Aim of the task: Set the pictures aside and set down only the lines from the line holding "Evoluderm Xịt Khoáng" through the end of the entries below, ends included.
"""
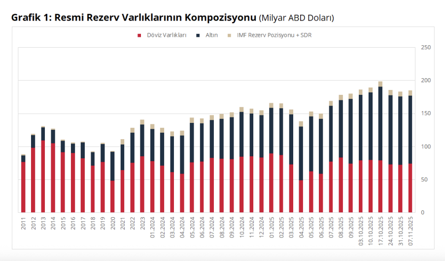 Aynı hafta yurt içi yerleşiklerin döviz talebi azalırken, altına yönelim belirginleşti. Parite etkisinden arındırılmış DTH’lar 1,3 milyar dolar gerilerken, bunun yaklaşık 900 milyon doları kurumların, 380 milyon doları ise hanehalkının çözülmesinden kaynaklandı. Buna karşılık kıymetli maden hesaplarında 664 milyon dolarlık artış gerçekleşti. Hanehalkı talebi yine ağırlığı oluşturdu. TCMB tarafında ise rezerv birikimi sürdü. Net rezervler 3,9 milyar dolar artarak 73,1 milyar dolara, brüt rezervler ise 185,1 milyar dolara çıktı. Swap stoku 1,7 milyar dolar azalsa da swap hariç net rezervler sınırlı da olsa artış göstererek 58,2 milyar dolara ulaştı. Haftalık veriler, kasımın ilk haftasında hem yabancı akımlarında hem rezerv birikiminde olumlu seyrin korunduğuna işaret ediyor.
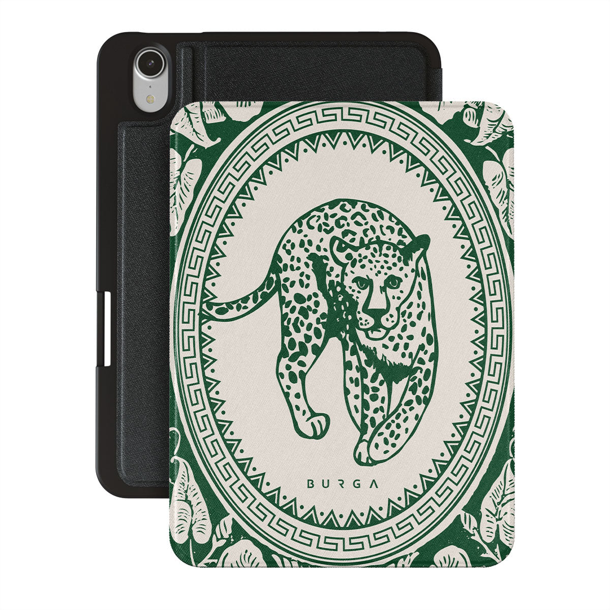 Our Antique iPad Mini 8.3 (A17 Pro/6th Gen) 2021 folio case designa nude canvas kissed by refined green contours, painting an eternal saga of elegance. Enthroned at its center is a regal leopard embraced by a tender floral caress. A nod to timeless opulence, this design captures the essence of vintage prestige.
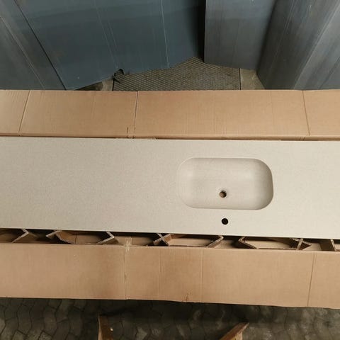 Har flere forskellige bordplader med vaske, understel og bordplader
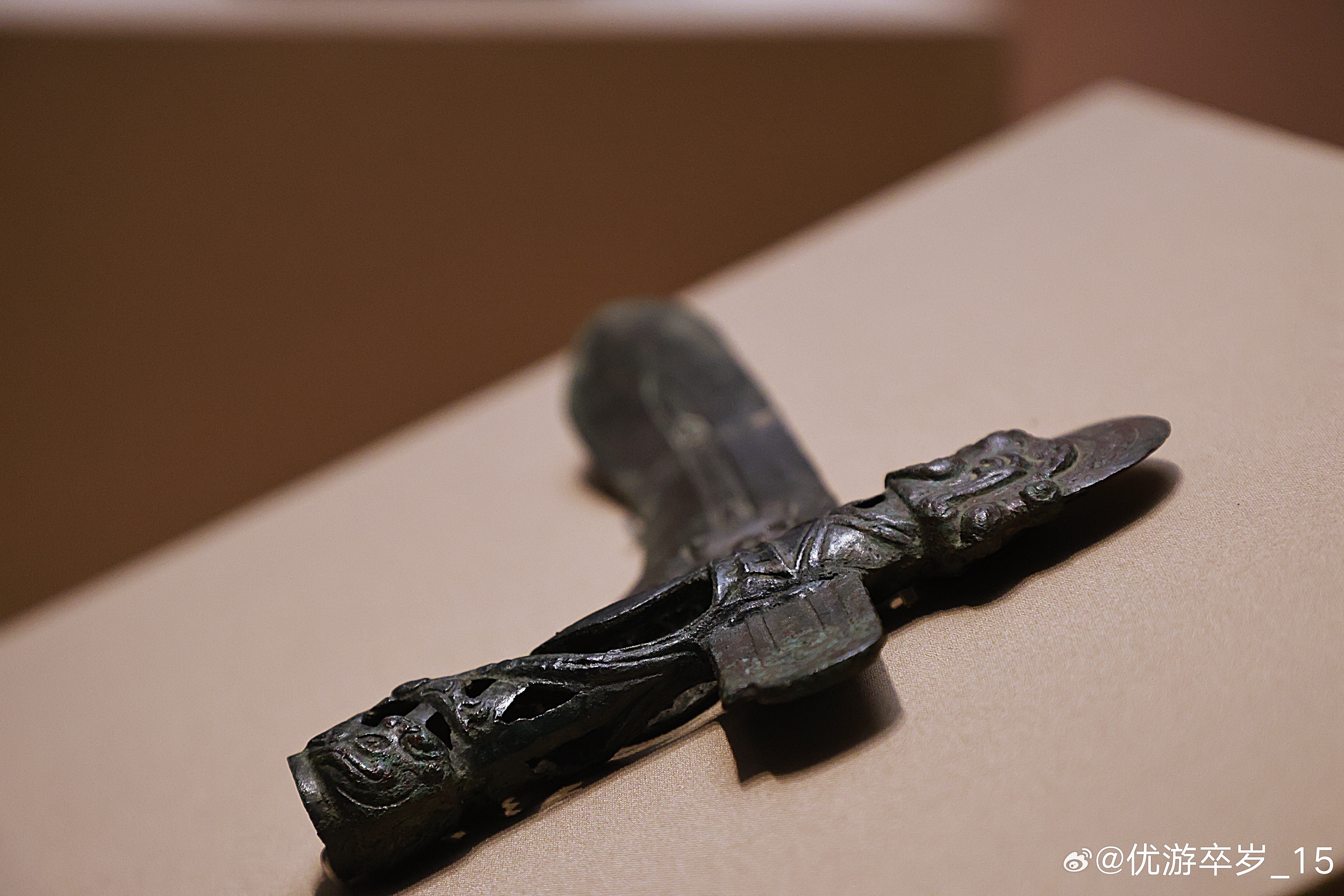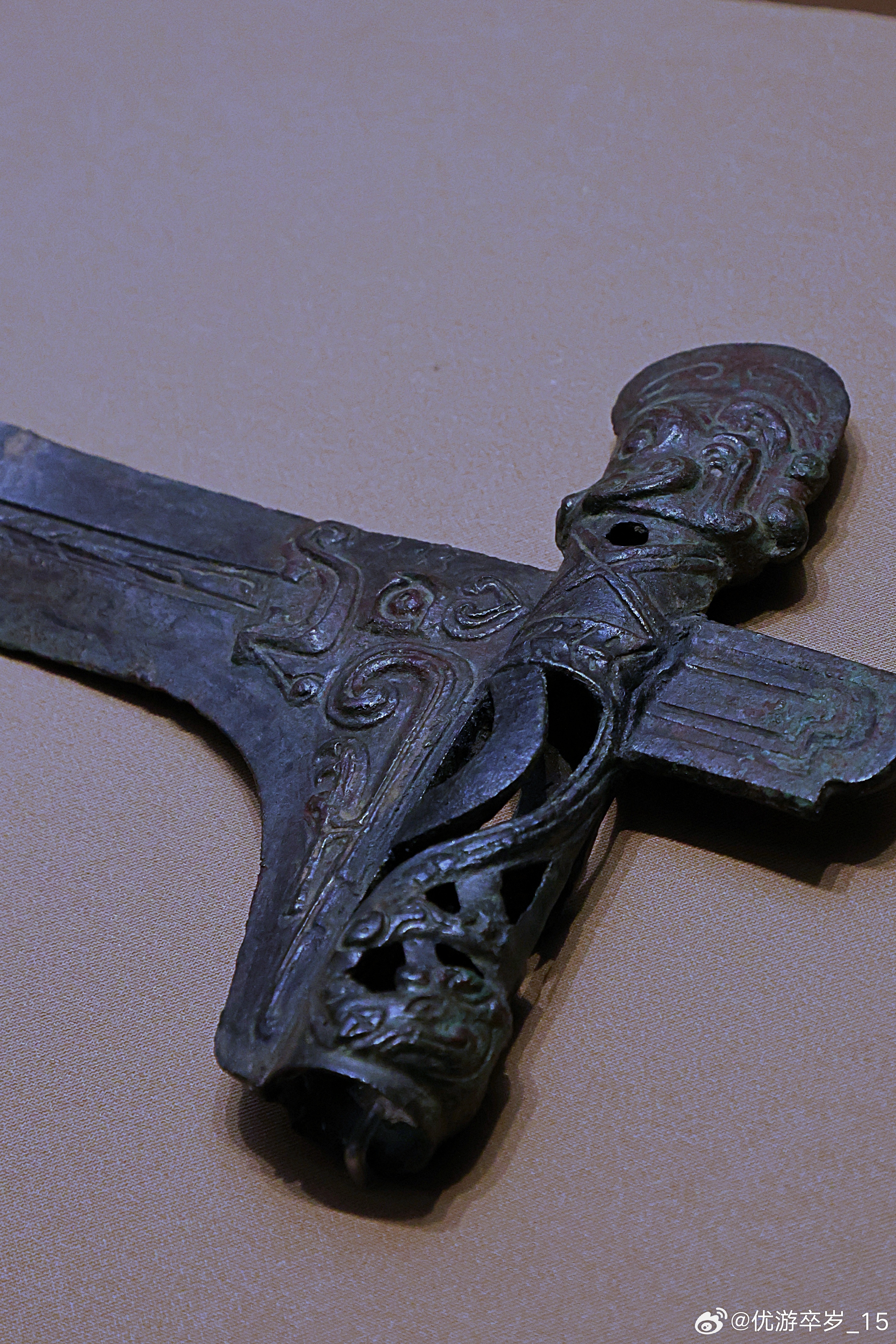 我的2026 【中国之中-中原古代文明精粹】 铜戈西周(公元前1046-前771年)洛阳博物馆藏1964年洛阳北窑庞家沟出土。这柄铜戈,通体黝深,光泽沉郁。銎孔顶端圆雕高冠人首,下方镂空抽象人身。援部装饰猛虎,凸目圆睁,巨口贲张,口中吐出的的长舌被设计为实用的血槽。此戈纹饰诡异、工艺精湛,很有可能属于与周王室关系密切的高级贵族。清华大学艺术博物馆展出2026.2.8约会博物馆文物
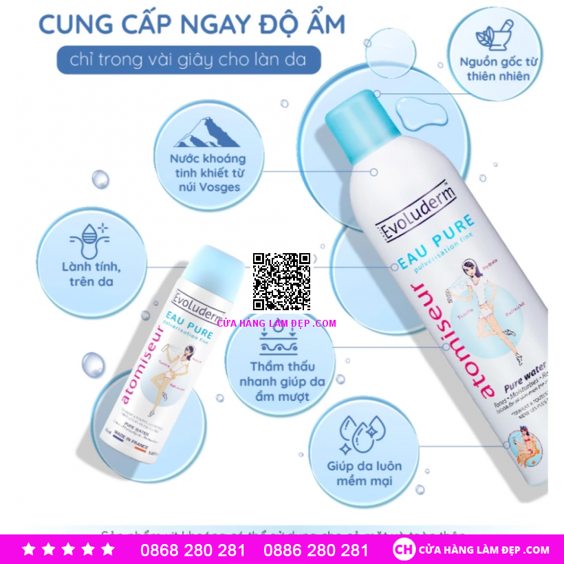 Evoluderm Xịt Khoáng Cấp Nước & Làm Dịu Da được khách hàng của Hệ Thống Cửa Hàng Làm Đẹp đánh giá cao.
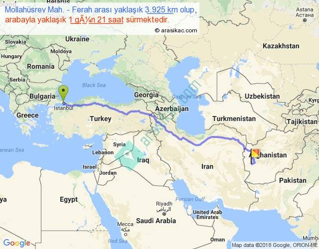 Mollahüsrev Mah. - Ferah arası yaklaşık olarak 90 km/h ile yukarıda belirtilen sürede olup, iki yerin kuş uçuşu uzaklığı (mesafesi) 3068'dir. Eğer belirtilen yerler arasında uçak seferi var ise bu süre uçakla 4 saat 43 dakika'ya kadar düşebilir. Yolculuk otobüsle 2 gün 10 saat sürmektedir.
"""
Expected output:
 Evoluderm Xịt Khoáng Cấp Nước & Làm Dịu Da được khách hàng của Hệ Thống Cửa Hàng Làm Đẹp đánh giá cao.
 Mollahüsrev Mah. - Ferah arası yaklaşık olarak 90 km/h ile yukarıda belirtilen sürede olup, iki yerin kuş uçuşu uzaklığı (mesafesi) 3068'dir. Eğer belirtilen yerler arasında uçak seferi var ise bu süre uçakla 4 saat 43 dakika'ya kadar düşebilir. Yolculuk otobüsle 2 gün 10 saat sürmektedir.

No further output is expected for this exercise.